■ WORK TO BE COMPLETED
An exact copy of every entry is needed, without any of the pictures.

■ EXTRACTED DATA
*** Block opens ***

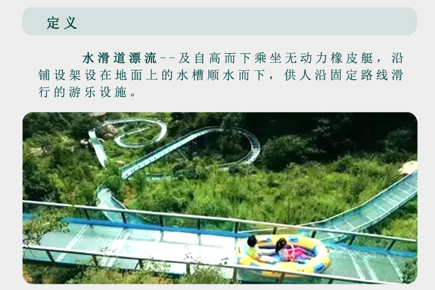 隨著我國旅游行業的迅猛發展,漂流已經成為人們最為喜愛的親水項目(漂流單只娛樂型項目,不包括黃河漂流等探險項目)。漂流在旅游市場上主要分兩種,一個是自然河流的大型生態漂流,這個漂流我們現在不做討論和分析。現在我主要剖析第二種水滑道滑槽試漂流。且不論工藝是水泥澆筑還是玻璃鋼或是玻璃的,單從漂流形式上區分,水滑道漂流目前在中國旅游市場上也主要分為兩種類型:
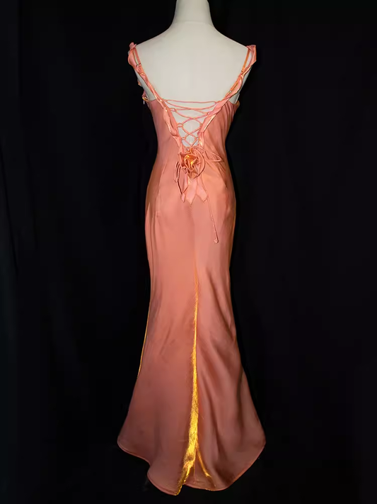 Vintage Mermaid Straps Sleeveless Pink Long Prom Dresses C83
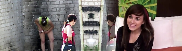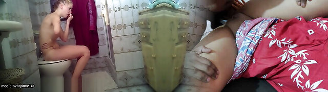 Women pissing in a public bathroom caught on spy cams
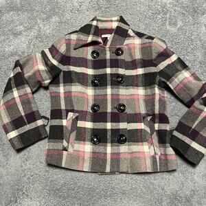 Cabi Jacket Womens 8 208 Double Breasted Plaid Coat Black White Pink Career
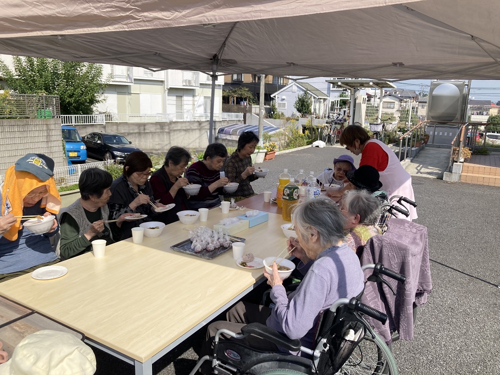 昨年とは違い、食べ終わったら日差しが強いから部屋に帰るという方が多数いました(笑)

*** Block closes ***

■ ANSWER BOX
 隨著我國旅游行業的迅猛發展,漂流已經成為人們最為喜愛的親水項目(漂流單只娛樂型項目,不包括黃河漂流等探險項目)。漂流在旅游市場上主要分兩種,一個是自然河流的大型生態漂流,這個漂流我們現在不做討論和分析。現在我主要剖析第二種水滑道滑槽試漂流。且不論工藝是水泥澆筑還是玻璃鋼或是玻璃的,單從漂流形式上區分,水滑道漂流目前在中國旅游市場上也主要分為兩種類型:
 Vintage Mermaid Straps Sleeveless Pink Long Prom Dresses C83
 Women pissing in a public bathroom caught on spy cams
 Cabi Jacket Womens 8 208 Double Breasted Plaid Coat Black White Pink Career
 昨年とは違い、食べ終わったら日差しが強いから部屋に帰るという方が多数いました(笑)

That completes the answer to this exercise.